How to relieve neuralgia
Firstly, symptomatic treatment can be administered to patients. Medications for treating neuralgia mainly include tricyclic antidepressants and anticonvulsants, and serotonin reuptake inhibitors may also be effective. These medications should be taken under the advice of a doctor when necessary to help alleviate pain. Secondly, localized block treatment can also achieve certain clinical effects. Thirdly, it is crucial to identify the cause of the neuralgia and treat it accordingly. For example, if a patient’s neuralgia is caused by optic neuromyelitis, corticosteroids should be used; if it is due to herpes zoster virus infection, antiviral medications are required.

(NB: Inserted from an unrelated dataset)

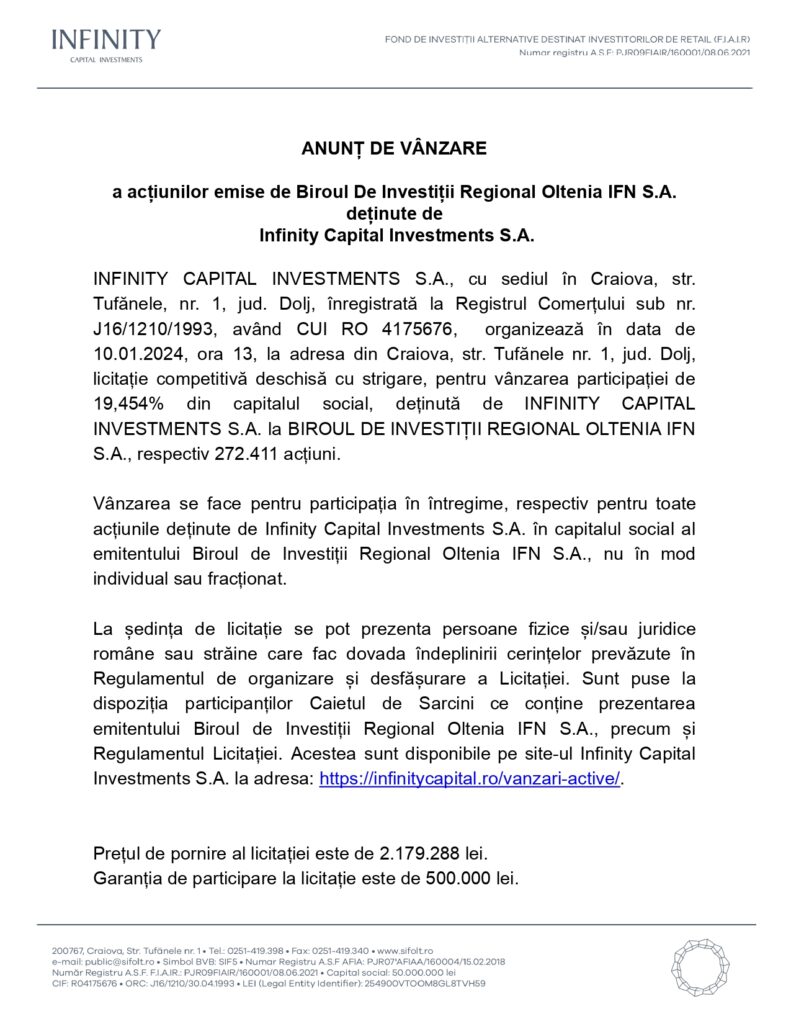 ANUNȚ DE VÂNZARE a acțiunilor emise de Biroul De Investiții Regional Oltenia IFN S.A. deținute de  Infinity Capital Investments S.A.

What are the symptoms of encephalitis?
The clinical manifestations of encephalitis are complex and varied, primarily caused by infections from pathogens such as viruses and bacteria. There are numerous clinical symptoms, with fever being quite common; patients generally exhibit significant fevers, which can reach up to 38 degrees Celsius or even as high as 40 degrees Celsius. Headache is also a very common clinical manifestation of encephalitis, with some patients experiencing severe headaches accompanied by pronounced nausea and vomiting. Additionally, some patients may exhibit psychiatric symptoms, which mainly include incoherent speech, hallucinations, and failing to recognize family members. Some patients may experience cognitive impairments, such as diminished memory, and significant deficits in computational and judgment abilities. In severe cases, some patients may have epileptic seizures, characterized by convulsions of the limbs. Overall, the manifestations of encephalitis are diverse and can range from simple fever and headache to severe conditions such as psychiatric symptoms, cognitive impairments, and epilepsy.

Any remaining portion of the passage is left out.